What happens if you grow more plants than allowed?

Going over your authorized plant count is one of the clearest ways a lawful grow becomes a compliance problem, so it is worth taking seriously. Your registration permits a specific number of plants tied to your daily amount; exceeding it — even by a few 'extra' plants — means part of your grow is no longer authorized, which can put your whole registration at risk and, in serious cases, cross into illegal production. It does not matter that the rest of your grow is compliant; the count is the count. This is why it pays to plan around the number rather than treating it as a soft guideline, and to be careful with practices like keeping clones or backups that can quietly push you over. If your needs have genuinely grown, the right move is to revisit your daily amount with your practitioner and update your registration, not to quietly add plants. Staying at or under your authorized count keeps the whole operation defensible.

What should you do once you know your number?

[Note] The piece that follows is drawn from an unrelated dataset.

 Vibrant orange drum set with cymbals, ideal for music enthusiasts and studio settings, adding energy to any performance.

Once the calculator gives you how many plants your daily amount allows, treat that figure as the ceiling you plan around — not a target to max out. Decide your method (indoor, outdoor, or both), set up a space that can realistically produce your authorized amount at or under that count, and make sure the number on your Health Canada registration matches what you actually intend to grow. Keep the calculation handy, and recheck it whenever your daily amount changes at a renewal, since the plant count moves with it. Planned this way, the number stops being an abstract limit and becomes a practical blueprint for a grow that meets your needs and stays clearly compliant.

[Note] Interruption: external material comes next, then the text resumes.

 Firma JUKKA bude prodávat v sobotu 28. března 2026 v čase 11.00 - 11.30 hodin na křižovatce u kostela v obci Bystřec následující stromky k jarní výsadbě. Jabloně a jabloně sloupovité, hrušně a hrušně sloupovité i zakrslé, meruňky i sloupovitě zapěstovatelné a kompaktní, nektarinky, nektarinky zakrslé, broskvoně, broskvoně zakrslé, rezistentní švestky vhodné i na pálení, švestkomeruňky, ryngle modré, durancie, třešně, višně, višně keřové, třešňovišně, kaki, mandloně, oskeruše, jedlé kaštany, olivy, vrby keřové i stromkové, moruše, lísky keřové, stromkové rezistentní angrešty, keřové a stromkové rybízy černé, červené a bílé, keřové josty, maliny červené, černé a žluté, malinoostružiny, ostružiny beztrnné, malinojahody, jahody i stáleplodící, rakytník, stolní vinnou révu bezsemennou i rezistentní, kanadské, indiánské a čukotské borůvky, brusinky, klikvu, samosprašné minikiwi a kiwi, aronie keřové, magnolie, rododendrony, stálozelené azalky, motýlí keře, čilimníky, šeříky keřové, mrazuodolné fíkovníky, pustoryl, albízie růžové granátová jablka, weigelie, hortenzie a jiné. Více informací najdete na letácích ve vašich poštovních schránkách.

How do you find your exact plant count?

The simplest way is to use the plant calculator: enter your daily amount and it returns your maximum indoor, outdoor, and combined plant counts using Health Canada's official table. That removes any guesswork and lets you see, before you commit to an amount, exactly what grow it implies — which is useful for planning space, budget, and security. It also makes the link between daily amount and plant count concrete, so you can choose an amount that produces a grow you can actually manage. Pairing a defensible amount with the calculator is the cleanest way to plan a compliant, right-sized grow.

Frequently asked

How many plants does an ACMPR licence allow?

It depends on your daily amount — there is no flat number. Health Canada’s formula converts your grams per day into a maximum plant count, higher indoors than outdoors. The calculator shows your exact figure.

Why can I grow more plants indoors than outdoors?

The formula assumes outdoor plants yield more each, so it allows fewer of them for the same daily amount, and more indoor plants since each yields less.

Can I grow fewer plants than my maximum?

Yes. Your count is a maximum, not a requirement. Many growers run fewer plants than authorized — staying at or below the limit is what matters.